The Barren Fork rises in western Warren County, Tennessee. It is formed from the confluence of its north and south prongs, which join near the tiny community of Trousdale. Its component streams and their tributaries drain much of the eastern portions of Cannon County and Coffee County. The stream flows generally from west to east until it reaches the town of McMinnville, county seat of Warren County. From there it turns in a more northeasterly direction. From this point it is less than 5 linear miles (8 km) to the mouth of the Barren Fork into the Collins River, but considerably longer by the meandering course taken by the stream in its lower reaches. Near downtown McMinnville is a dam formerly utilized by the city as an electric power source; it was supplanted by the Tennessee Valley Authority system, as the small amount (by modern standards) of electricity it was capable of producing makes it impracticable to man and maintain by modern standards.

The Barren Fork is named for the "Barrens" area of Middle Tennessee.
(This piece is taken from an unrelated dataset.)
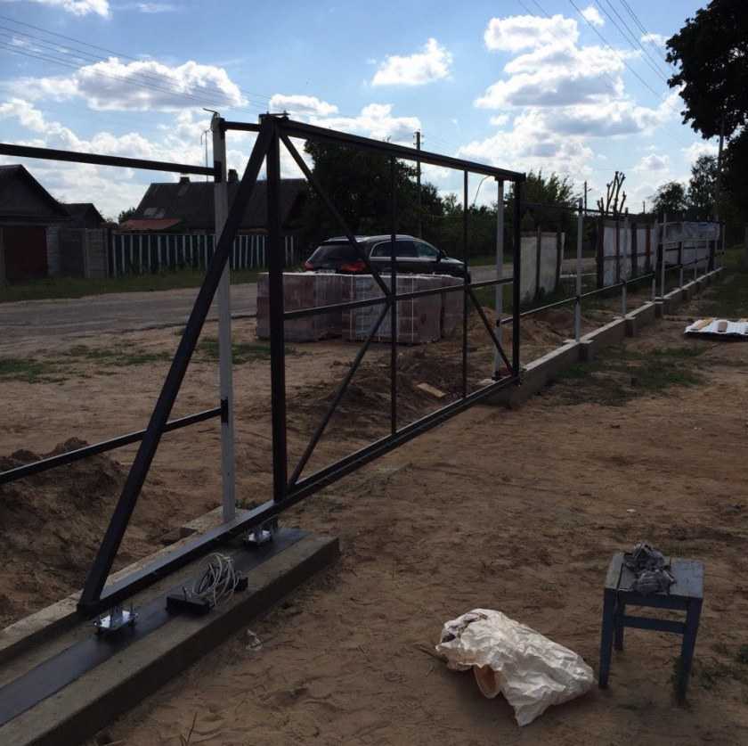 Дальше при установке ворот своими руками можно приступать к сборке необходимых консолей откатных ворот. Для этого могут потребоваться профильные трубы. Размеры можно подбирать самостоятельно в соответствии с масштабом конструкции.

This area comprises much of Coffee County, western Warren County, and southeastern Cannon County. The area was first named this by the early settlers, who were surprised to find a largely unforested area in the midst of what was generally a dense hardwood forest surrounding it. Several theories have been suggested as to its origin. The area is somewhat swampy, however; it is too moist for many types of hardwood trees that cannot survive long periods of "wet feet". It is suggested that it was cleared by Native Americans, in part using fire, so that the resulting open area would improve grazing conditions for elk, deer, and buffalo and thus improve hunting, and that they, like their white successors, also used the area for agriculture. Since only a limited number of native hardwood trees could grow in the area, it was relatively easy for the area to remain cleared once it had initially had much of its woody vegetation removed.

The Tennessee Wildlife Resources Agency (TWRA) maintains three boat access sites in McMinnville.